(Records from a dataset)
====================

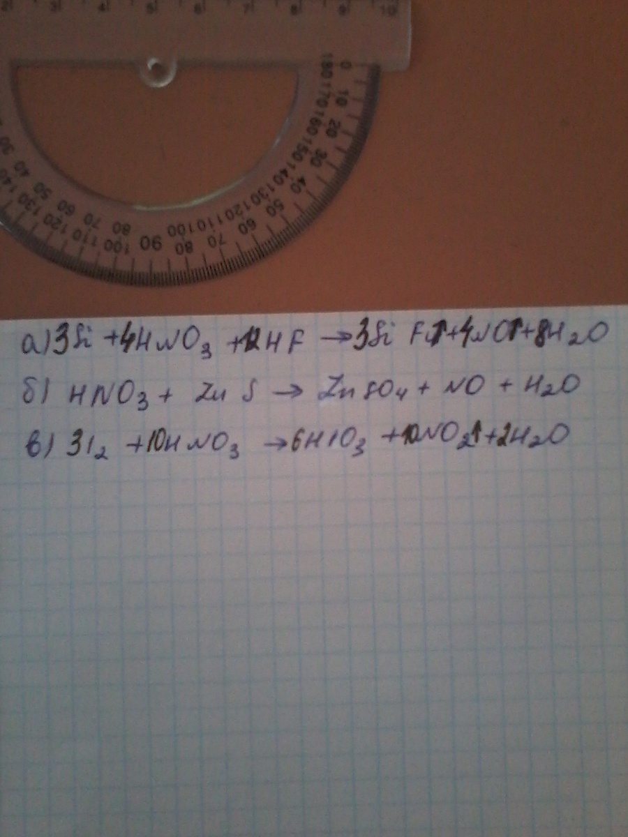 Расставьте коэффициенты в схемах реакций: а) Si+HNO3+HF(стрелка)SiF4+NO+H2O. б)HNO3+ZnS(стрелка)ZnSO4+NO+H2O. в)I2+HNO3(стрелка)HIO3+NO2+H2O.
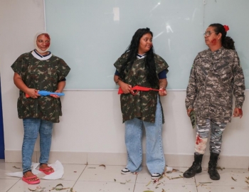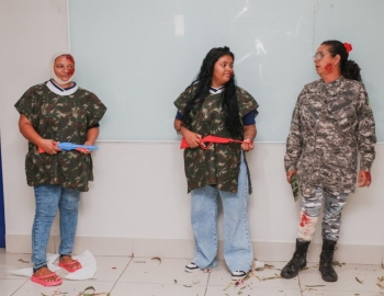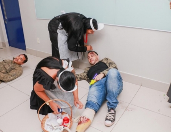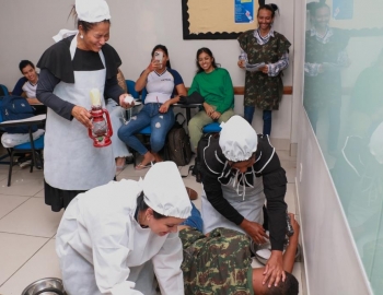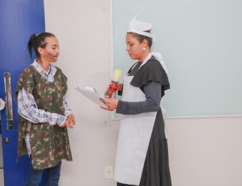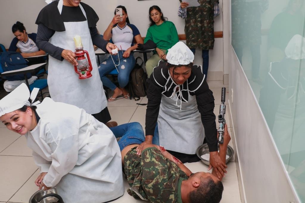 Nossos futuros profissionais do curso Técnico em Enfermagem estão aprofundando seus conhecimentos no bloco de Fundamentos da Enfermagem de uma forma memorável: através da dramatização.
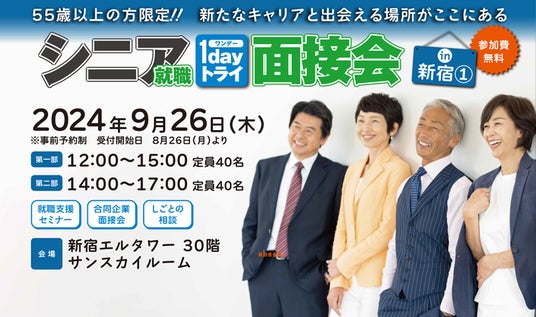 公益財団法人東京しごと財団(所在地:東京都千代田区)は、東京都内での就業を希望される55歳以上のシニアの就職・再就職の支援を目指し、今年度のイベント第2弾として9月26日(木)開催「シニア就職1dayトライ面接会in新宿1」のお申込みを8月26日(月)より受付開始いたします。
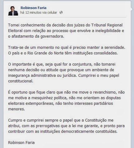 O “ainda” vice-governador do Rio Grande do Norte emitiu sua opinião sobre o afastamento da governadora Rosalba Ciarlini na noite desta segunda-feira, 10 de dezembro, via Facebook.
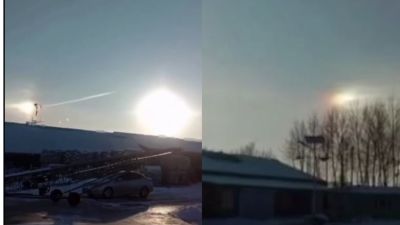 It is called the "Parhelion" or "lying sun," it is a weird phenomenon, according to scientists, and it is related to the atmosphere, which reflects the sun more than once. It occurs when the weather is very cold, so the sun's rays are reflected on the ice crystals carried in the clouds.
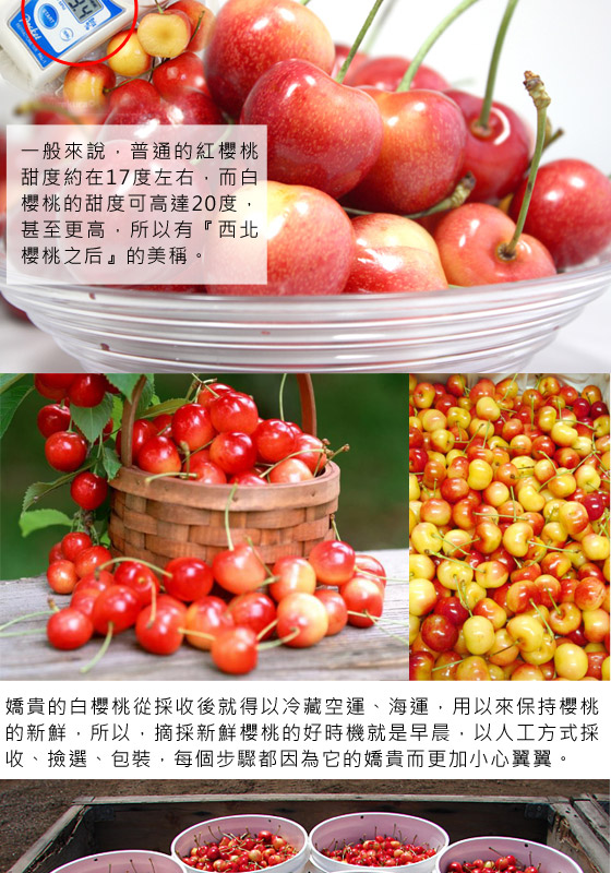 規格:西北紅櫻桃9.Row約500g+西北頂級白櫻桃9.5Row約500g/盒
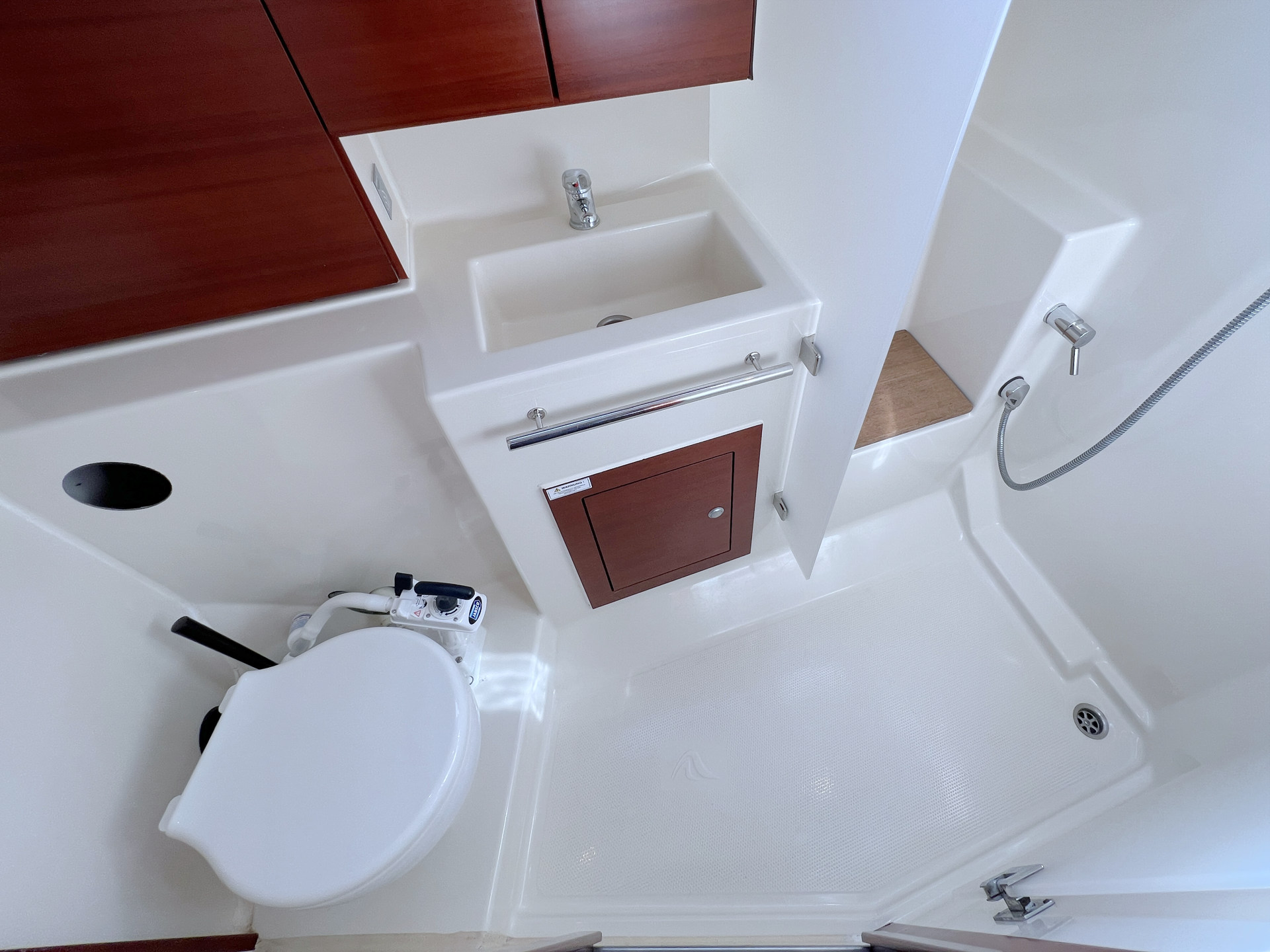 Sicherheit:Ankerball, Automatikwesten, Bootsmannstuhl, Elektrische Lenzpumpe, Erste-Hilfe-Kasten, Feuerlöscher, Handlenzpumpe, Kappbeil, Leckstopfen, Lifebelts, Nebelhorn, Notsignale, Radarreflektor, Rettungsmittel lt. Vorschrift, Rettungsring, Taschenlampe, UKW-Funk mit DSC, Wantenschneider
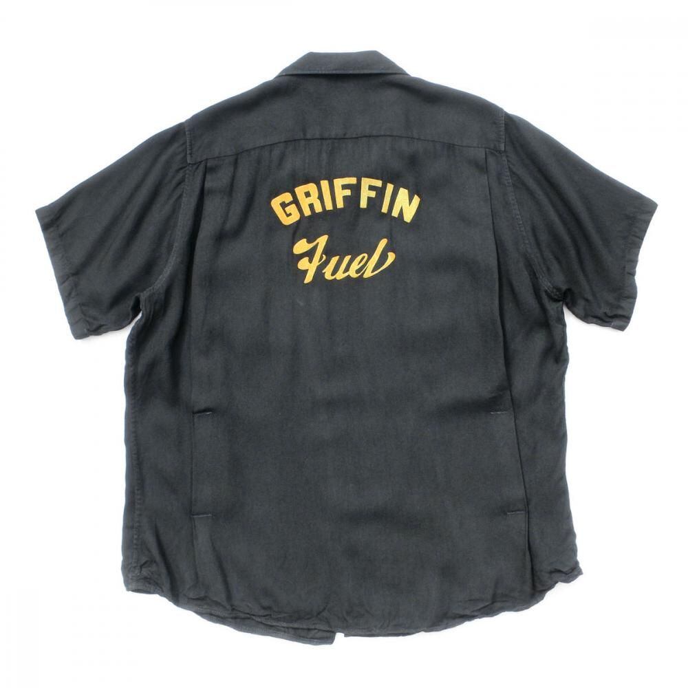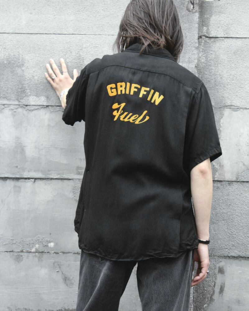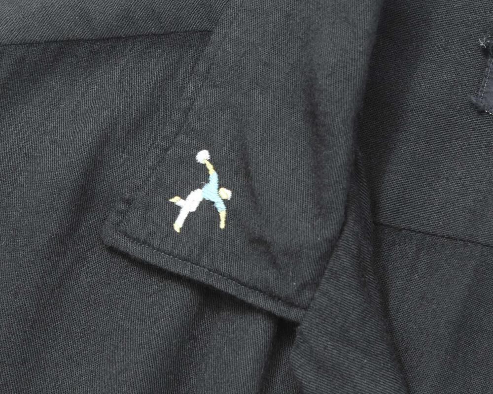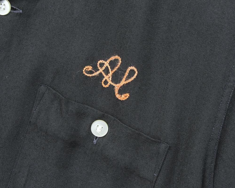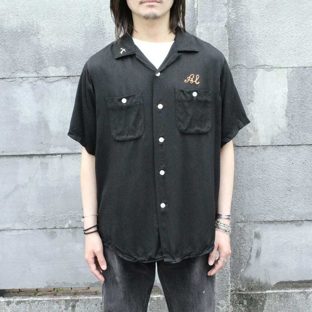 A King Louie bowling shirt from around the 1960s. Made from rare black rayon gabardine fabric, it has a rugged and solid look. The simple embroidery and flock print give it a cool yet minimalist feel. Its a size L with a good amount of room and a comfortable, relaxed silhouette. As it is a vintage item, there may be some signs of age-related deterioration. Please check the photos and understand the characteristics of vintage items before purchasing.
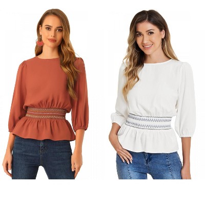 Allegra K Women's Long Sleeve Scoop Neck Casual Peplum Shirt 2 Packs - 2 of 4Allegra K Women's Long Sleeve Scoop Neck Casual Peplum Shirt 2 Packs - 3 of 4Allegra K Women's Long Sleeve Scoop Neck Casual Peplum Shirt 2 Packs - 4 of 4
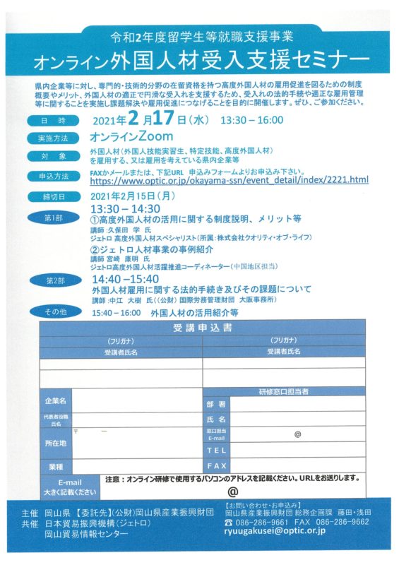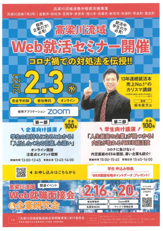 > Web就活セミナー(高梁川流域)&外国人材受け入れ支援セミナー等のご案内
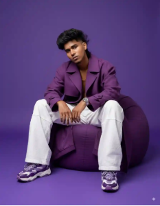 Hyper-realistic cinematic full-body fashion photoshoot of the uploaded person (age 25, height 5’5″), with the exact face and medium-length wavy hairstyle from the uploaded image, perfectly styled. Seated on a deep purple bean bag, leaning slightly forward with elbows on knees, wearing bold all-purple oversized streetwear: structured trench coat, wide white pants, chunky sneakers, silver watch. Solid purple background. Face looking directly at the camera with subtle confident expression. Dramatic studio lighting emphasizing textures and folds. Adidas campaign editorial vibe with cinematic depth of field and powerful drip aura. Trending Gemini Boys AI Photo Editing Prompts
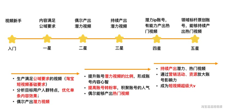 为了帮助短视频创作者更有效的进行视频质量优化和账号能力提升,短视频星级根据创作者能力特征把账号成长分为6个阶段,并且明确了每个阶段的创作者主要提升的方向。
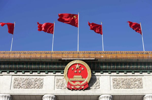 Flags are seen fluttering on top of the Great Hall of the People in Beijing, capital of China, March 3, 2011. The Fourth Session of the 11th National Committee of the Chinese People's Political Consultative Conference (CPPCC) opens on Thursday. (Xinhua/Zheng Huansong)
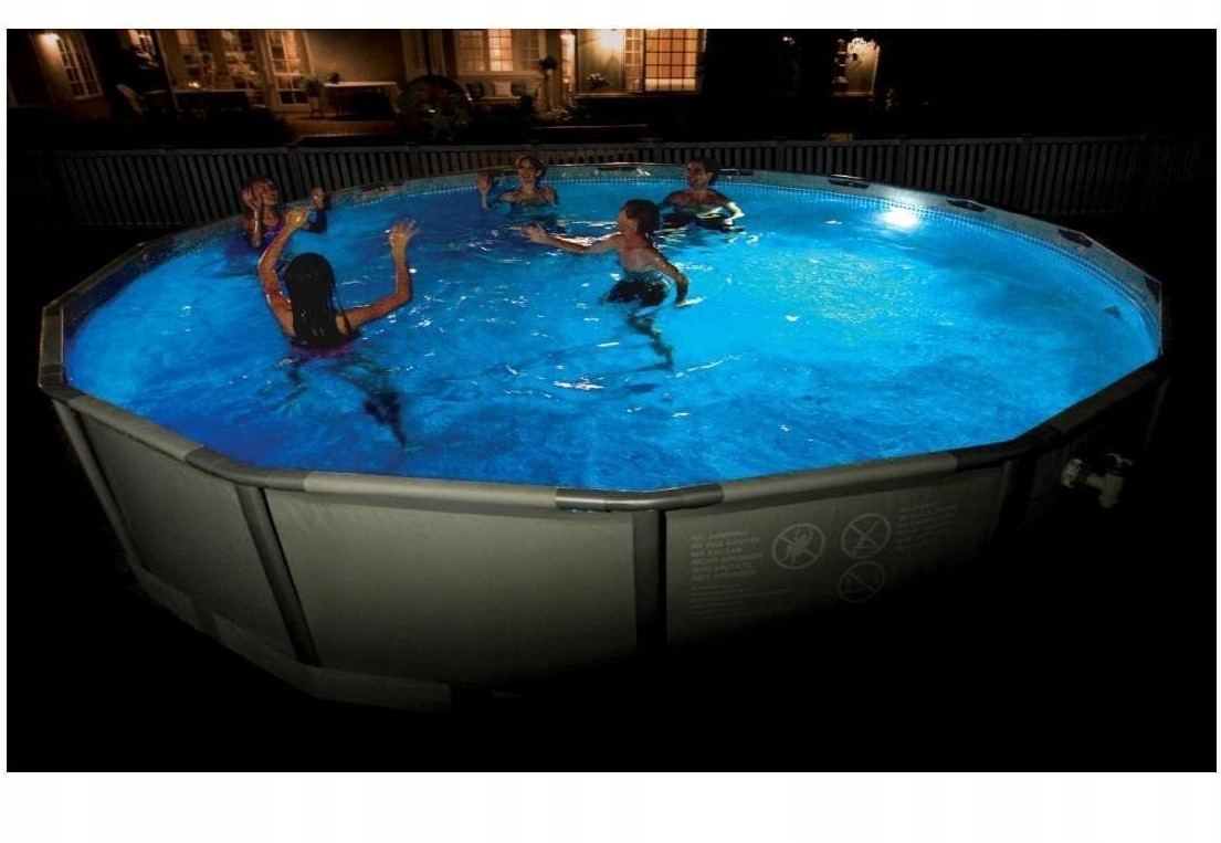 Освещение садового бассейна теплым летним вечером превращается в детскую игру благодаря магнитной многоцветной светодиодной лампе от INTEX.
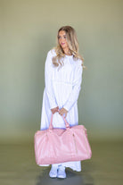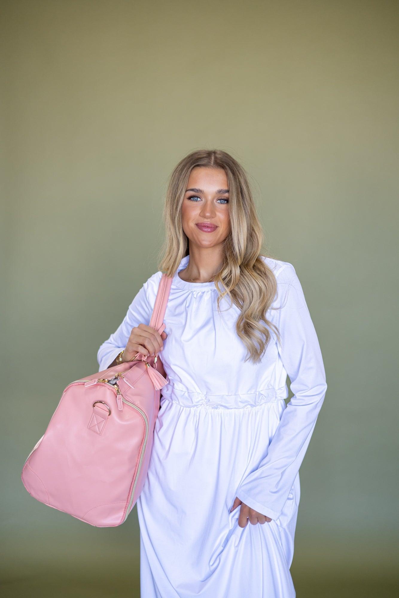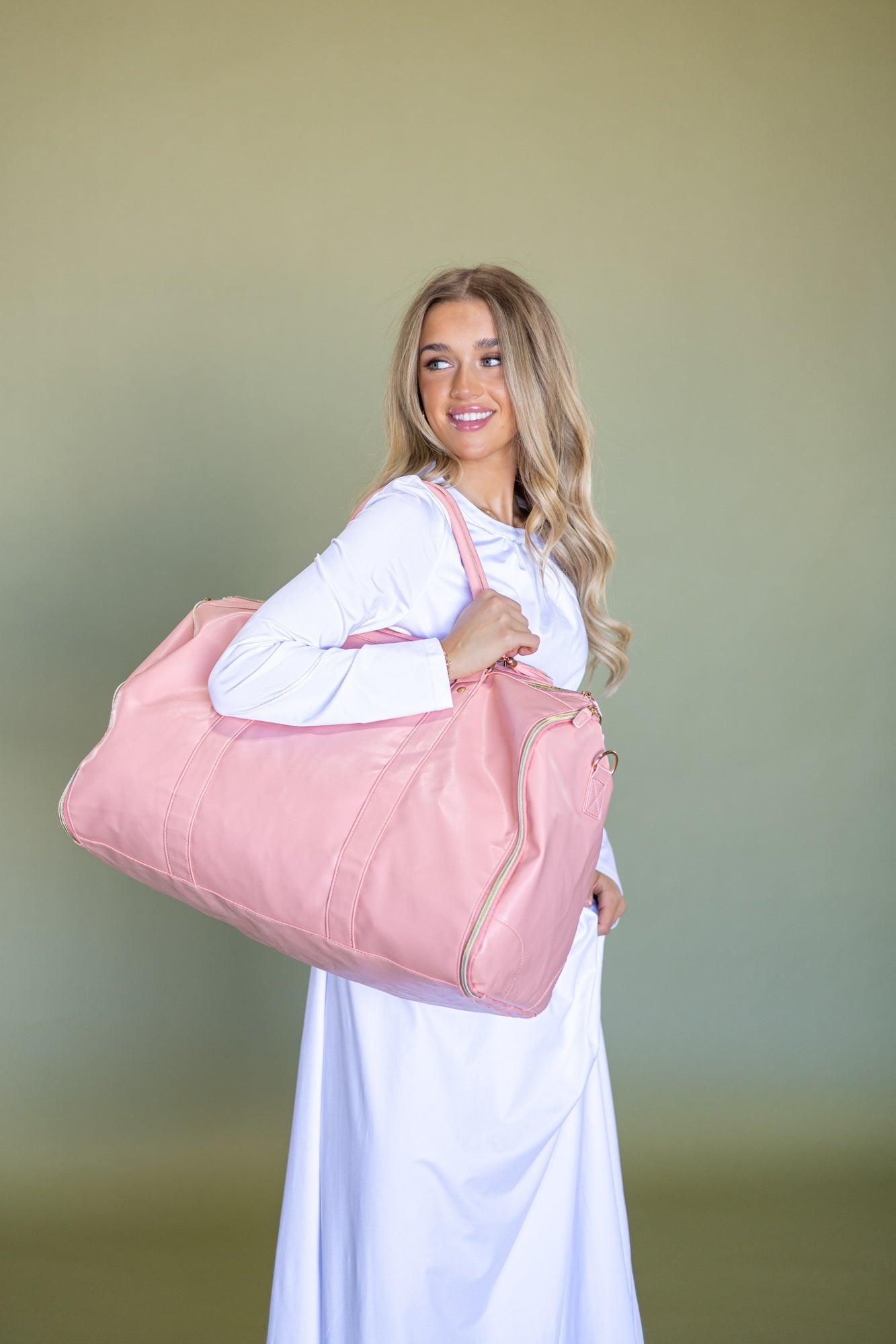 Introducing the Lilly Temple Bag - the ultimate accessory for your temple visits. With its spacious design, pink hue, and shoulder strap, it effortlessly fits multiple outfits and shoes. The built-in hanger port allows for easy organization, while the numerous pockets keep your essentials within reach.
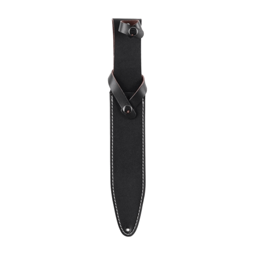 Nožu je priložena kakovostna nožnica iz naravnega usnja, ki se zapira z dvema kovinskima zaponkama in omogoča varno ter udobno nošenje na pasu.
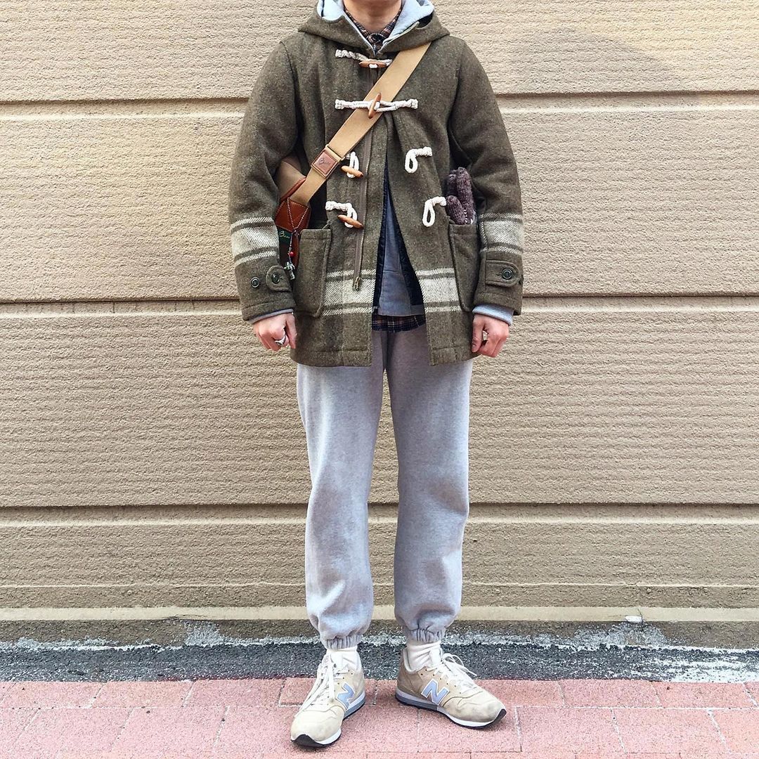 look1:土色棉衣+灰色连帽卫衣+灰色裤子+NB运动鞋

====================

Although pictures appear among the records above, none are to be output; print exactly the lines from the line containing "It is called" through the line containing "mit DSC, Wantenschneider".

 It is called the "Parhelion" or "lying sun," it is a weird phenomenon, according to scientists, and it is related to the atmosphere, which reflects the sun more than once. It occurs when the weather is very cold, so the sun's rays are reflected on the ice crystals carried in the clouds.
 規格:西北紅櫻桃9.Row約500g+西北頂級白櫻桃9.5Row約500g/盒
 Sicherheit:Ankerball, Automatikwesten, Bootsmannstuhl, Elektrische Lenzpumpe, Erste-Hilfe-Kasten, Feuerlöscher, Handlenzpumpe, Kappbeil, Leckstopfen, Lifebelts, Nebelhorn, Notsignale, Radarreflektor, Rettungsmittel lt. Vorschrift, Rettungsring, Taschenlampe, UKW-Funk mit DSC, Wantenschneider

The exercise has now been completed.